The legality of Jones' payday loan model was challenged shortly after Check into Cash was founded. Initially Jones and other payday lenders claimed that the fee charged did not constitute interest, and therefore did not violate laws capping a maximum interest on loans, which runs contrary to multiple federal laws. In 1997 Check Into Cash was sued in a class-action lawsuit by two Cleveland attorneys, representing multiple customers, alleging violation of the Truth in Lending Act and Fair Debt Collection Act, as well as other illegal practices. Check Into Cash eventually settled the case by paying $2.2 million to the class and $500,000 in attorneys' fees. Jones then began lobbying the legislatures in multiple states to change laws which place caps on interest, which led to the passage of multiple acts including the Tennessee Deferred Presentment Services Act by the Tennessee General Assembly, which permits payday lending with some restrictions.
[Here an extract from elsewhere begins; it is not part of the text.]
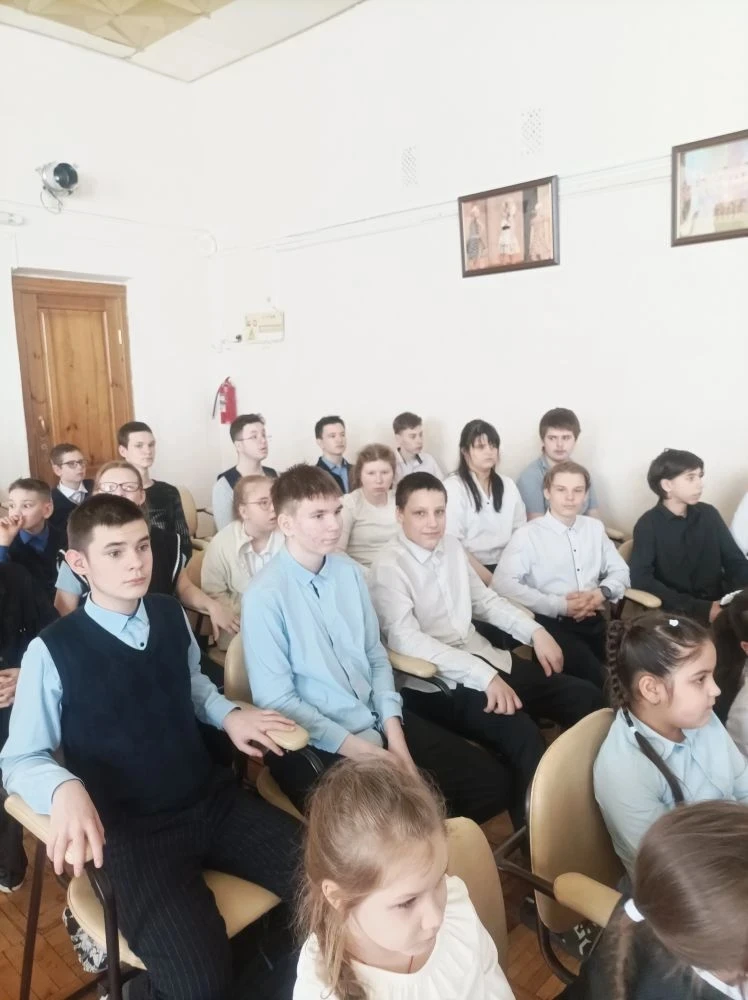 Пензенская картинная галерея им. Савицкого провела выездное мероприятие в нашей школе. Сотрудник галереи Людмила Пантелеева познакомила учеников с подвигом Андрея Кижеватова, уроженца Пензенской области и героя обороны Брестской крепости и показала фильм «Солдат вечности».

This act considers the fee to borrow money from a payday lender not to be interest, stating "the fee, when made and collected, shall not be deemed interest for any purpose of law."

== Personal life ==

Jones' residence is called Creekridge and is located on 400 acres north of Cleveland. It consists of a more than $5 million house constructed between 2003 and 2009, as well as a football field, horse stables, a greenhouse and a classic car collection. It is located near the residence of fellow businessman Forrest Preston. Jones previously lived in the Centenary Avenue Historic District in downtown Cleveland.

Politically, Jones has been an Independent, and has donated to the campaigns of both Democratic and Republican politicians, but his views are characterized to be right-leaning and fiscally conservative. Jones supported Donald Trump in the 2016 U.S. Presidential Election. A few days after the inauguration of President Trump, Jones stated in an interview with Fox & Friends that he was "tired of Presidents who were politicians" and believed that small businesses would benefit from Trump's policies.